**Directions for this task:** Would you please return the data below verbatim, without its pictures?

**Input data:**
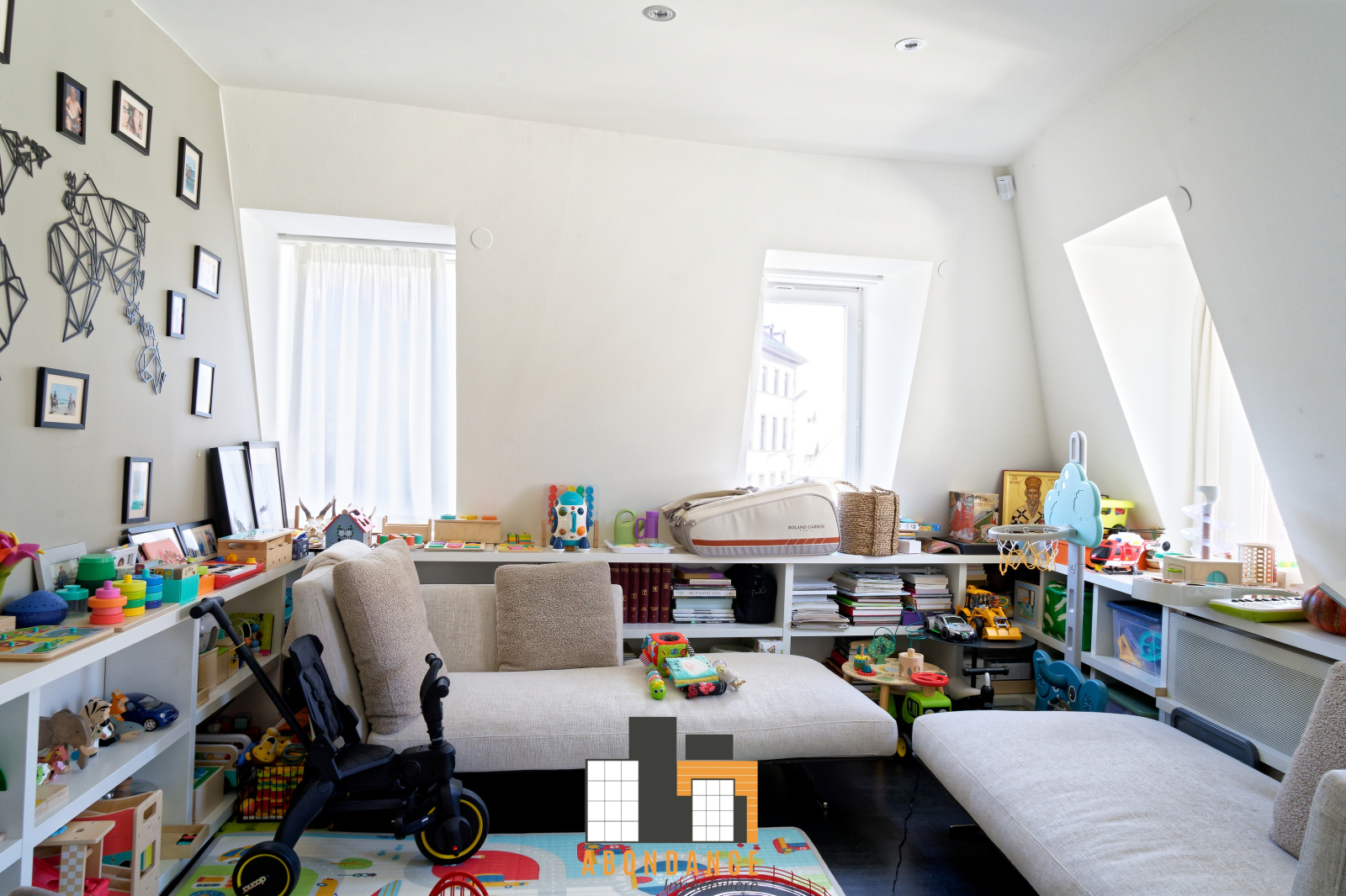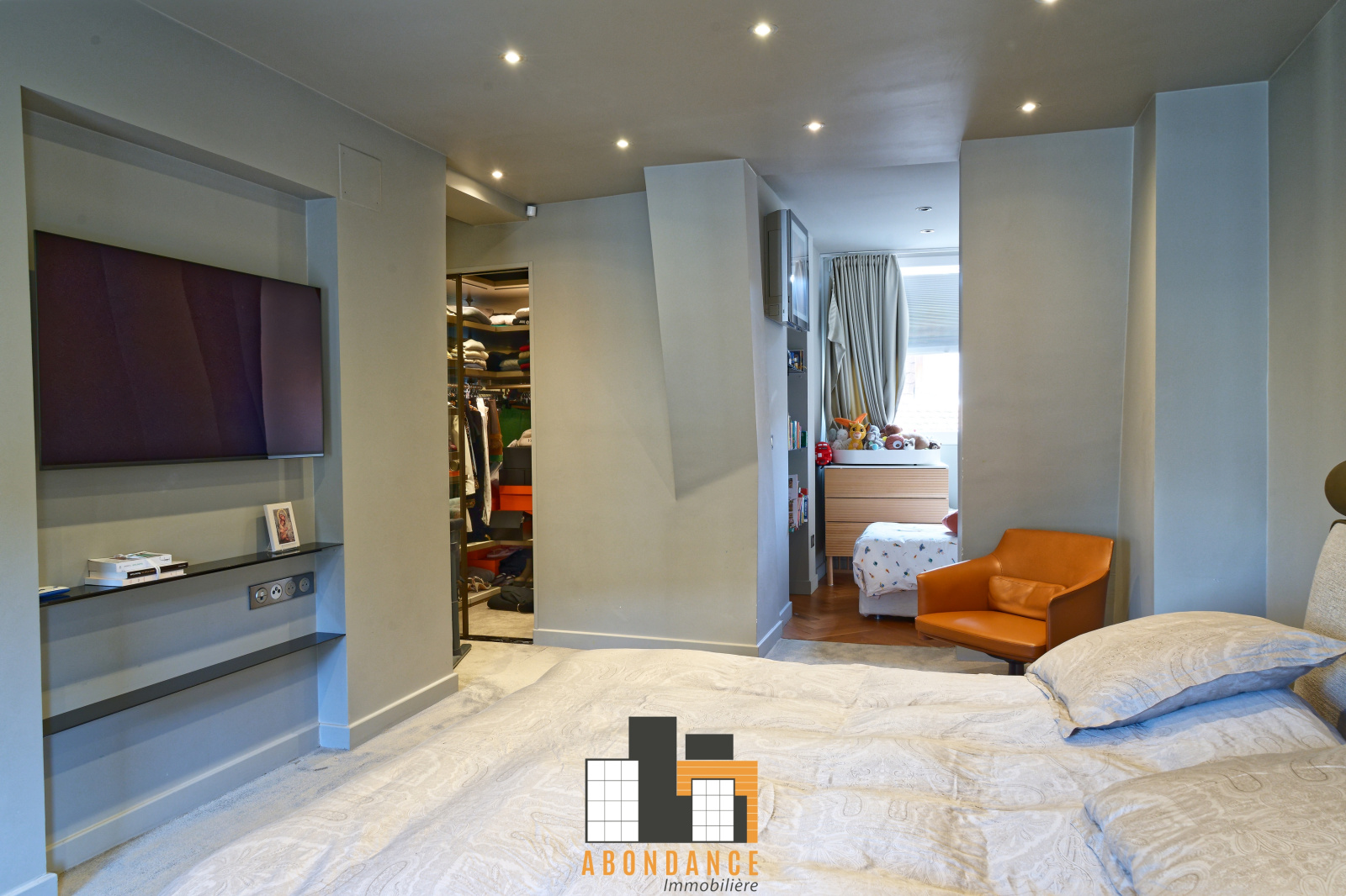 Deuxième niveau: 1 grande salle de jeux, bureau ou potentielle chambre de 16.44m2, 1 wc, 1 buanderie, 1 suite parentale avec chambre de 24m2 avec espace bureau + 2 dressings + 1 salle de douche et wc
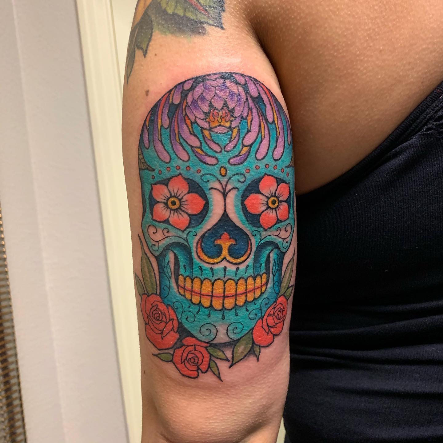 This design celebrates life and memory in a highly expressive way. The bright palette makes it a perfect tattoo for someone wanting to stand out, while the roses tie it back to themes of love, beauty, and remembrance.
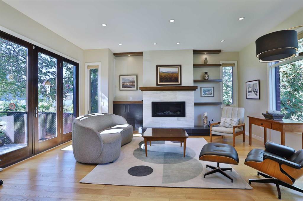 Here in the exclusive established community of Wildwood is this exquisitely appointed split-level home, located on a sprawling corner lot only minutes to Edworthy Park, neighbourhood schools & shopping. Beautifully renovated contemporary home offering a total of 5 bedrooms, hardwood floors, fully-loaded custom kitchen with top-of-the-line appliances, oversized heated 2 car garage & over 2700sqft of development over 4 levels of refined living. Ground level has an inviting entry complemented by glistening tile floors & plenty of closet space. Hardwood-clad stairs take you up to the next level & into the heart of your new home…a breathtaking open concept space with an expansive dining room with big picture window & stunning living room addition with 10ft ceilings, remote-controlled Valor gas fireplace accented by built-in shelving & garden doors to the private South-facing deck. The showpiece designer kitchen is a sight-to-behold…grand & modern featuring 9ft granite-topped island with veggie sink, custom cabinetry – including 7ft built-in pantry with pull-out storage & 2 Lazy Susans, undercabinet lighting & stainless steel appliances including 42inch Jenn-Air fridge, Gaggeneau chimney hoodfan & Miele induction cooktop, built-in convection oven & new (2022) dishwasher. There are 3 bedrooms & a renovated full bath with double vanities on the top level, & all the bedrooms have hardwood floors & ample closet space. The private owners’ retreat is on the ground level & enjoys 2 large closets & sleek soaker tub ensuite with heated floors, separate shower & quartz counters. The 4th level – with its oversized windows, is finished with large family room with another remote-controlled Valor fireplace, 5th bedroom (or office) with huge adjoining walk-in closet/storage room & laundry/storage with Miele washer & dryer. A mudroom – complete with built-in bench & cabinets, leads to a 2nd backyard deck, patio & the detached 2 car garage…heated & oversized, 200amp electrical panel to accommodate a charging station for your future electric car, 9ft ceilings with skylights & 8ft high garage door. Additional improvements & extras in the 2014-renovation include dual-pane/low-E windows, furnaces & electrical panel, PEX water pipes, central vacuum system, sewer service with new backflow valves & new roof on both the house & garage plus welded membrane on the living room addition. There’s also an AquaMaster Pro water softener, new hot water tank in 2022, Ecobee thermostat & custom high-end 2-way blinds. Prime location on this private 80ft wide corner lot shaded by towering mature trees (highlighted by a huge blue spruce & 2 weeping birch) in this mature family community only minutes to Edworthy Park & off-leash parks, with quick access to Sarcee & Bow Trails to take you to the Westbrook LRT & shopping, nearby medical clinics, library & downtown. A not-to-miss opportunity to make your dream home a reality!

**Response box:**
 Deuxième niveau: 1 grande salle de jeux, bureau ou potentielle chambre de 16.44m2, 1 wc, 1 buanderie, 1 suite parentale avec chambre de 24m2 avec espace bureau + 2 dressings + 1 salle de douche et wc
 This design celebrates life and memory in a highly expressive way. The bright palette makes it a perfect tattoo for someone wanting to stand out, while the roses tie it back to themes of love, beauty, and remembrance.
 Here in the exclusive established community of Wildwood is this exquisitely appointed split-level home, located on a sprawling corner lot only minutes to Edworthy Park, neighbourhood schools & shopping. Beautifully renovated contemporary home offering a total of 5 bedrooms, hardwood floors, fully-loaded custom kitchen with top-of-the-line appliances, oversized heated 2 car garage & over 2700sqft of development over 4 levels of refined living. Ground level has an inviting entry complemented by glistening tile floors & plenty of closet space. Hardwood-clad stairs take you up to the next level & into the heart of your new home…a breathtaking open concept space with an expansive dining room with big picture window & stunning living room addition with 10ft ceilings, remote-controlled Valor gas fireplace accented by built-in shelving & garden doors to the private South-facing deck. The showpiece designer kitchen is a sight-to-behold…grand & modern featuring 9ft granite-topped island with veggie sink, custom cabinetry – including 7ft built-in pantry with pull-out storage & 2 Lazy Susans, undercabinet lighting & stainless steel appliances including 42inch Jenn-Air fridge, Gaggeneau chimney hoodfan & Miele induction cooktop, built-in convection oven & new (2022) dishwasher. There are 3 bedrooms & a renovated full bath with double vanities on the top level, & all the bedrooms have hardwood floors & ample closet space. The private owners’ retreat is on the ground level & enjoys 2 large closets & sleek soaker tub ensuite with heated floors, separate shower & quartz counters. The 4th level – with its oversized windows, is finished with large family room with another remote-controlled Valor fireplace, 5th bedroom (or office) with huge adjoining walk-in closet/storage room & laundry/storage with Miele washer & dryer. A mudroom – complete with built-in bench & cabinets, leads to a 2nd backyard deck, patio & the detached 2 car garage…heated & oversized, 200amp electrical panel to accommodate a charging station for your future electric car, 9ft ceilings with skylights & 8ft high garage door. Additional improvements & extras in the 2014-renovation include dual-pane/low-E windows, furnaces & electrical panel, PEX water pipes, central vacuum system, sewer service with new backflow valves & new roof on both the house & garage plus welded membrane on the living room addition. There’s also an AquaMaster Pro water softener, new hot water tank in 2022, Ecobee thermostat & custom high-end 2-way blinds. Prime location on this private 80ft wide corner lot shaded by towering mature trees (highlighted by a huge blue spruce & 2 weeping birch) in this mature family community only minutes to Edworthy Park & off-leash parks, with quick access to Sarcee & Bow Trails to take you to the Westbrook LRT & shopping, nearby medical clinics, library & downtown. A not-to-miss opportunity to make your dream home a reality!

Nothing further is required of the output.